Mensen met downsyndroom kunnen misschien niet in de volwassenwereld volledig meedraaien, maar in hun eigen wereld bestaat óók geluk én ongeluk op hun eigen manier. Zij beleven het alleen misschien anders, meer onbevangen, dát vind ik wel een mooi woord.
“Als je zó kunt, zó durft zingen, zó onbevangen, zó puur, ben je dan óngelukkig? Ik schoot vol bij het zien van zijn zingen. Wat moet God blij zijn met deze jongen, dacht ik”
Prima om zo te schrijven, maar God is niet méér of minder gelukkig met deze jongen als met jou of mij en dáárom roept het dus wat weerzin bij me op.
Leg dat eens uit als je wil, want nu volg ik je even niet meer?
Laat ik voordat je reageert dit er nog even aan toevoegen, anders worden mijn woorden wellicht uit z’n verband gerukt.

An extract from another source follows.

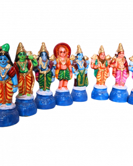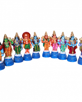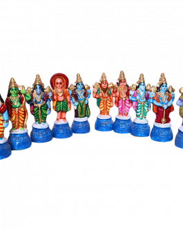 Paper Mache Dhasavatharam Statue - 2.3 Inches Celebrate the divine incarnations of Lord Vishnu with this exquisite Paper Mache Dhasavatharam Statue. Standing at 2.3 inches, this beautifully handcrafted piece showcases the Ten Avatars (Dhasavatharam) of Lord Vishnu, each representing a unique form through which the god incarnated to restore cosmic order. This Paper Mache statue elegantly captures these ten forms—Matsya, Kurma,…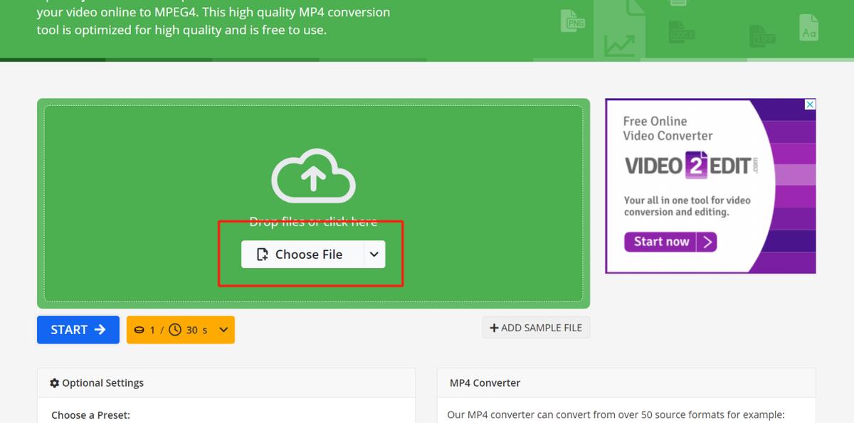 步骤2:在跳转的页面上点击第三行最左侧的【Convert to MP4】按钮。

Ik heb – in tegenstelling tot Alpha – eigenlijk niet zo’n moeite met de schrijfstijl, het is iets anders wat weerzin oproept.
Jij praat over géén volwaardig leven en dat Noortje dat letterlijk anders ziet. Door deze column van Noortje krijg ik dus júist de indruk dat het andersom is. Voor mij zijn het volwaardige mensen, met geluk en ongeluk op hun eigen (onbevangen) wijze. Dat betekent dat ik ze ook op volwaardige wijze behandel.
In onze plaatselijke supermarkt werken veel mensen met downsyndroom of ander geestelijke handicap. Het valt mij meermalen op dat deze mensen het ‘geweldig’ vinden om zomaar even te knuffelen, of op andere wijze lichamelijk contact te zoeken. Ik heb daar moeite mee en reageer daar op: “niet doen, dat vind ik niet prettig” Soms krijg ik dan wel eens zo’n blik van begeleiders; ‘ja maar..’ Sorry, maar wij houden dat zelf in stand door er om te lachen, dan gaan ze het ‘ongewone’ ‘gewoon’ vinden.
Ik zie heel vaak om mij heen gebeuren dat er om wordt gelachen, hij is zo lief en dan denk ik: dit zijn óók volwaardige mensen, laten we ze dan óók volwaardig behandelen. Als iemand zonder downsyndroom mij spontaan om de nek vliegt, reageer ik ook niet lachend, maar sommeer ik hem dat niet te doen. Het is maar net in welke vorm je volwaardigheid wil zien. Het is zomaar een voorbeeld en deze column legt daar wat mij betreft juist de nadruk op dat ‘ongewoon’ ook ‘gewoon’ is, waardoor ik juist weer dat ‘ongewone’ ga zien. Volg je me nog?
Door de nadruk die Noortje dus nu legt op zijn níet ongelukkige leven, krijg ik júist de indruk dat hij geen volwaardig persoon is. Dat God hem juist méér lief heeft omdat hij onvolwaardig is.
Ik zeg: God heeft jou of mij niet meer of minder lief, we zijn allemaal hetzelfde, kennen allemaal liefde en leed en daar doet het downsyndroom helemaal niets aan af!
"...deze column legt daar wat mij betreft juist de nadruk op dat ‘ongewoon’ ook ‘gewoon’ is, waardoor ik juist weer dat ‘ongewone’ ga zien", zeg Annet. Daar kan ik me wel in vinden. En dat wordt bij wel versterkt door de toon, al kan ik het even niet anders benoemen dan 'zoet'.